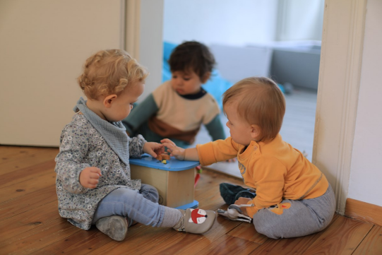 Im Spielzimmer gibt es verschiedene Angebote, auf die sich die Kinder nach eigenen Vorlieben verteilen können. Die Einrichtung ist so gestaltet, dass alle vorbereiteten Materialien selbstständig erreichbar sind. Viele Spielsachen ermöglichen den Kindern, Fertigkeiten zu erlernen, die sie nutzen können, um mehr Selbstständigkeit im Alltag zu entwickeln. Beispielsweise gibt es Übungen, bei denen es darum geht den Umgang mit dem Löffel zu üben. Spielerisch werden die Kinder so darauf vorbereitet, eigenständig zu essen.
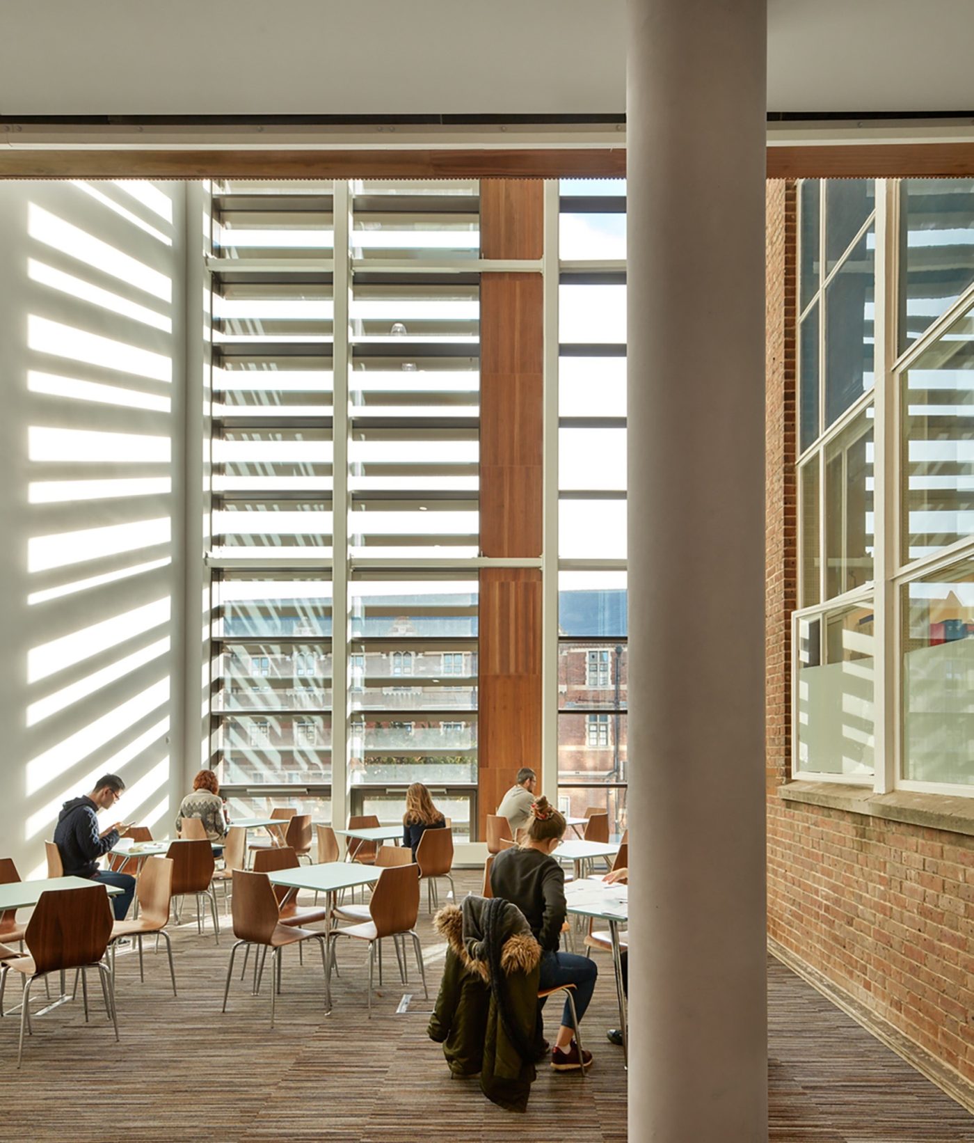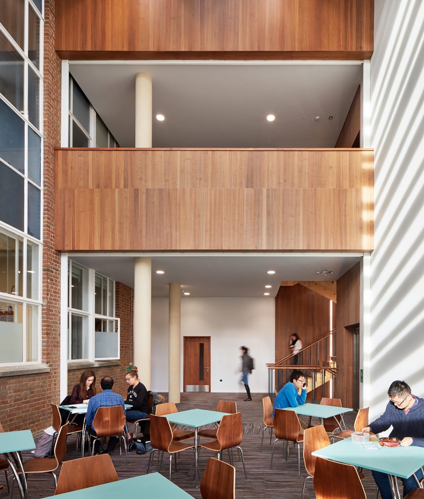 The James Dyson Building provides flexible and highly energy-efficient research, seminar and meeting spaces for post-graduate students at the University of Cambridge’s Department of Engineering.
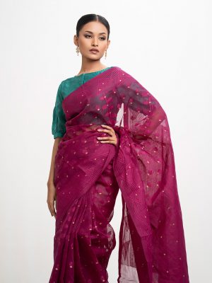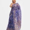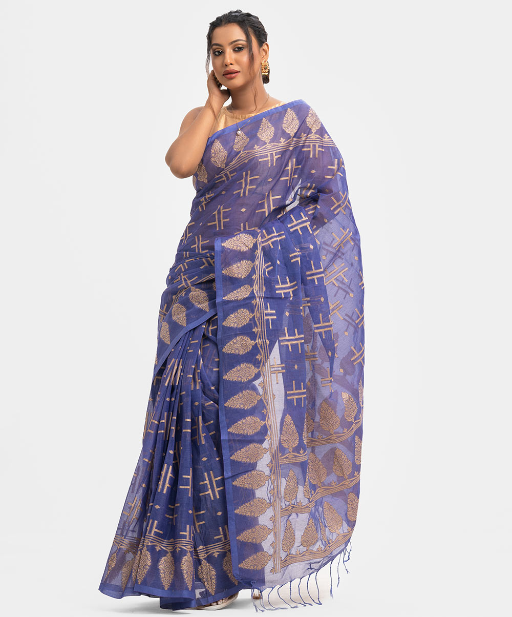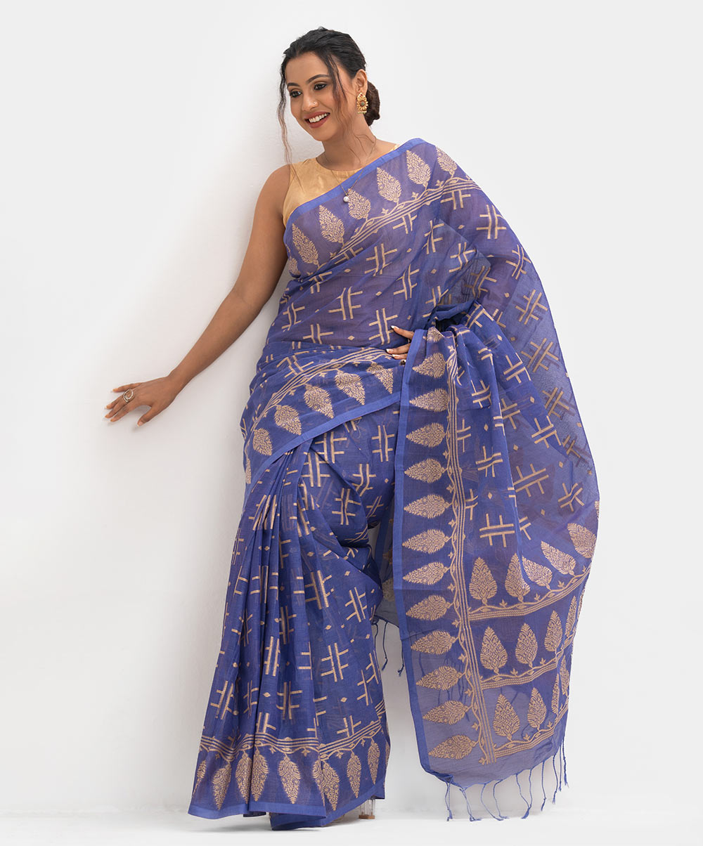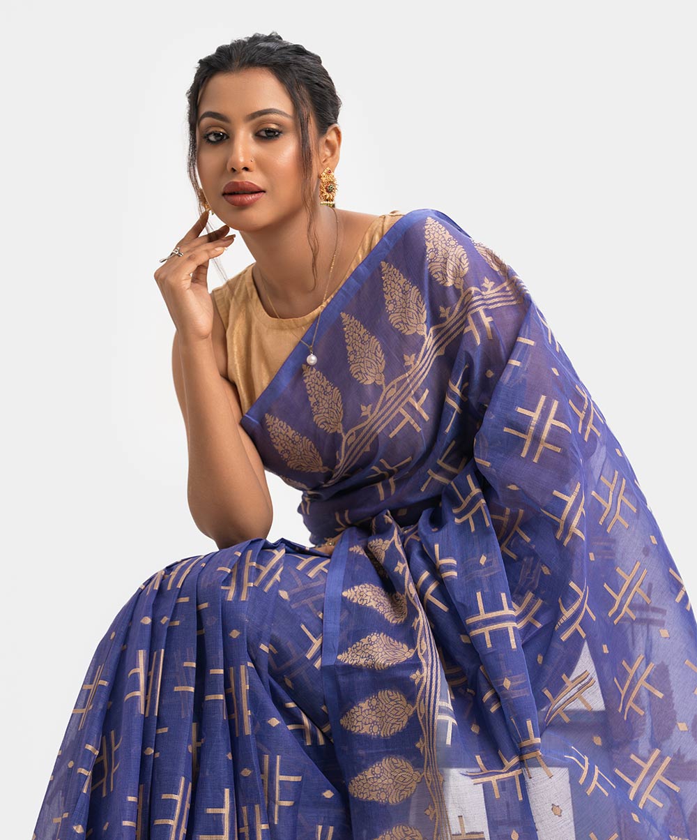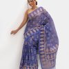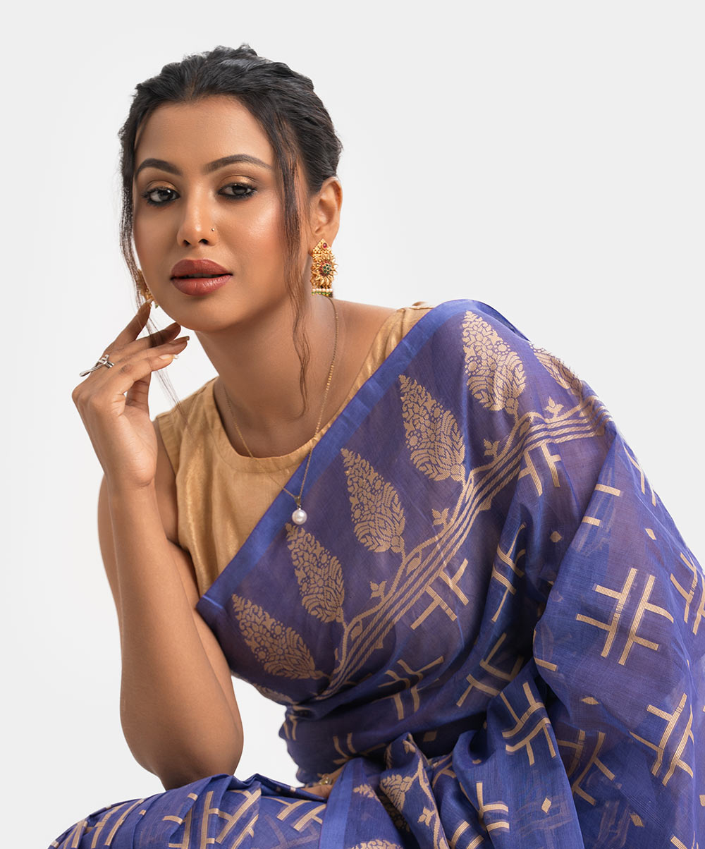 Women’s printed cotton saree with weaving details.

Task statement: The output should hold only the lines from the one containing "The James Dyson" through the last line of the listing, reproduced exactly, pictures omitted.

Solution for this task:
 The James Dyson Building provides flexible and highly energy-efficient research, seminar and meeting spaces for post-graduate students at the University of Cambridge’s Department of Engineering.
 Women’s printed cotton saree with weaving details.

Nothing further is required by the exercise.